WORK TO BE COMPLETED –
Without the pictures, print the lines running from the beginning of the material to the line containing "Una dintre specialitățile", both ends included.

╭──

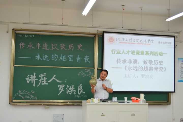 短短的一次讲座,虽然仅仅道出青瓷文化的一角,但是却向全体同学打开一扇面向青瓷文化的窗口,罗老师带领我们欣赏领略了青瓷的绝美风景,让我们全体同学体会到青瓷的美妙。讲座结束,同学们的掌声不断,大家都为青瓷文化----这个世界非物质文化遗产和中国悠久灿烂的文明感到骄傲和自豪。
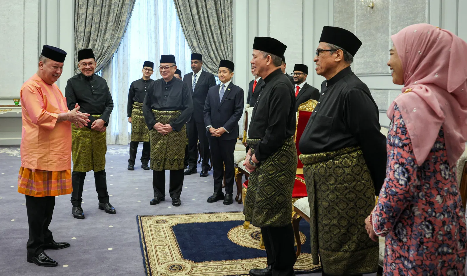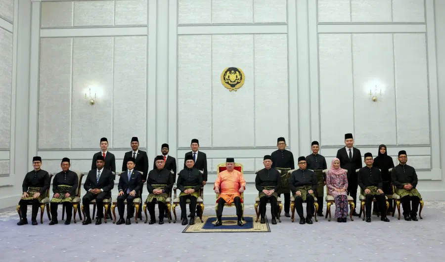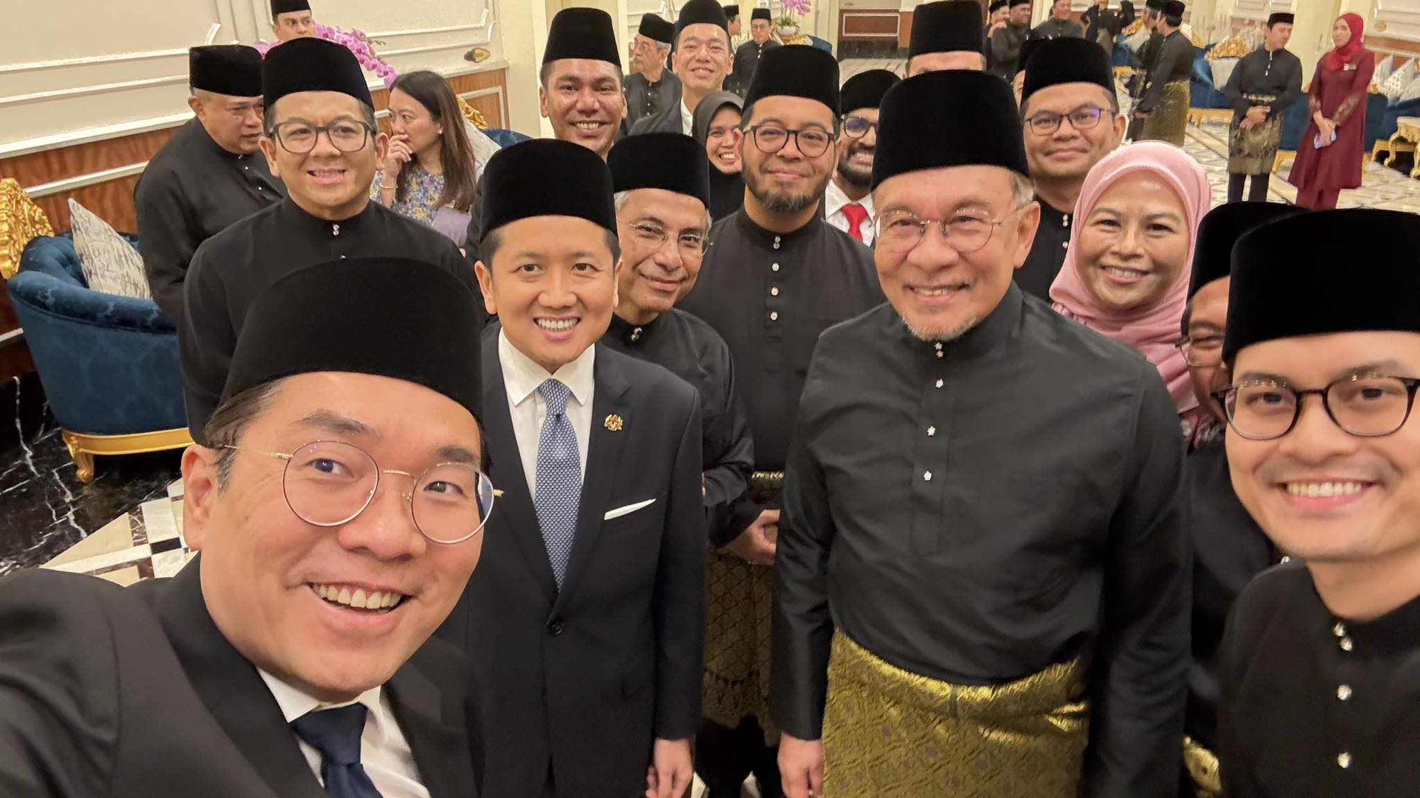 内阁新阵容昨日公布后,7名新任部长和8名副部长今日在国家王宫向国家元首苏丹依布拉欣宣誓就职,首相兼财政部长安华也出席了今早10时举行的委任状颁发仪式,仪式包括就职宣誓和保密宣誓;仪式结束后,一众正副部长与首相安华合影留念,现场气氛轻松愉快。
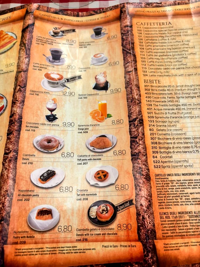 Una dintre specialitățile restaurantului, o cafea de gladiator, costă 8,90 de euro, în timp ce un Cappuccino XXXL este 12,90 de euro.
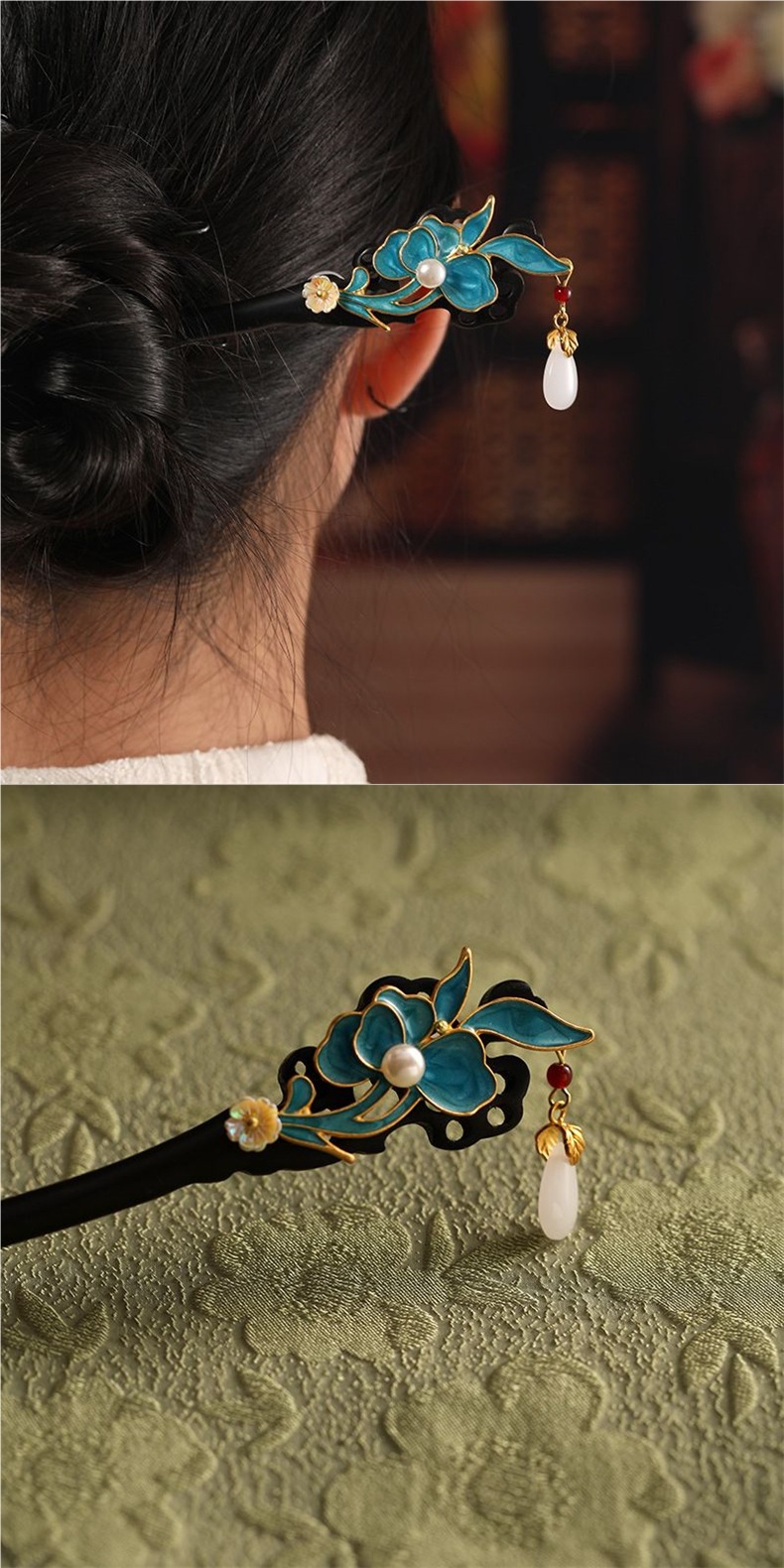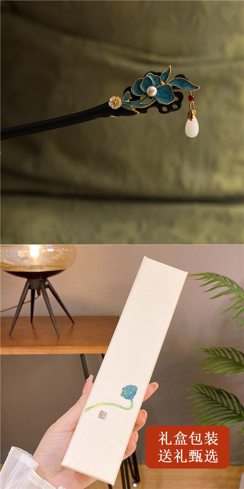 | Color | Colgante de perlas blancas + flores de sándalo pinza de pelo + caja de regalo - tarjeta de felicitación |
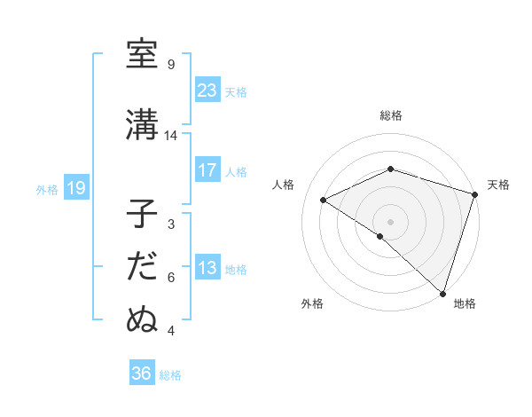 室溝 子だぬさんの外格は19画の1点!
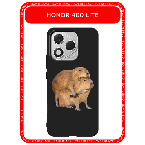 Черный матовый чехол на Honor 400 Lite / Хонор 400 Лайт с принтом Капибара с ножом
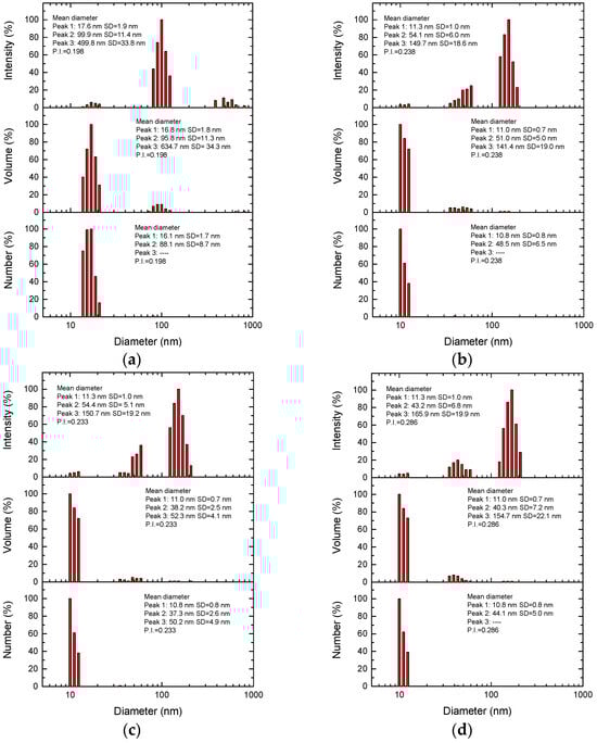 Mean diameter by DLS of Ag nps fabricated using (a) 2%, (b) 3%, (c) 4% and (d) 5% of HB-E. All samples reach pH 9.

╰──

ANSWER BELOW –
 短短的一次讲座,虽然仅仅道出青瓷文化的一角,但是却向全体同学打开一扇面向青瓷文化的窗口,罗老师带领我们欣赏领略了青瓷的绝美风景,让我们全体同学体会到青瓷的美妙。讲座结束,同学们的掌声不断,大家都为青瓷文化----这个世界非物质文化遗产和中国悠久灿烂的文明感到骄傲和自豪。
 内阁新阵容昨日公布后,7名新任部长和8名副部长今日在国家王宫向国家元首苏丹依布拉欣宣誓就职,首相兼财政部长安华也出席了今早10时举行的委任状颁发仪式,仪式包括就职宣誓和保密宣誓;仪式结束后,一众正副部长与首相安华合影留念,现场气氛轻松愉快。
 Una dintre specialitățile restaurantului, o cafea de gladiator, costă 8,90 de euro, în timp ce un Cappuccino XXXL este 12,90 de euro.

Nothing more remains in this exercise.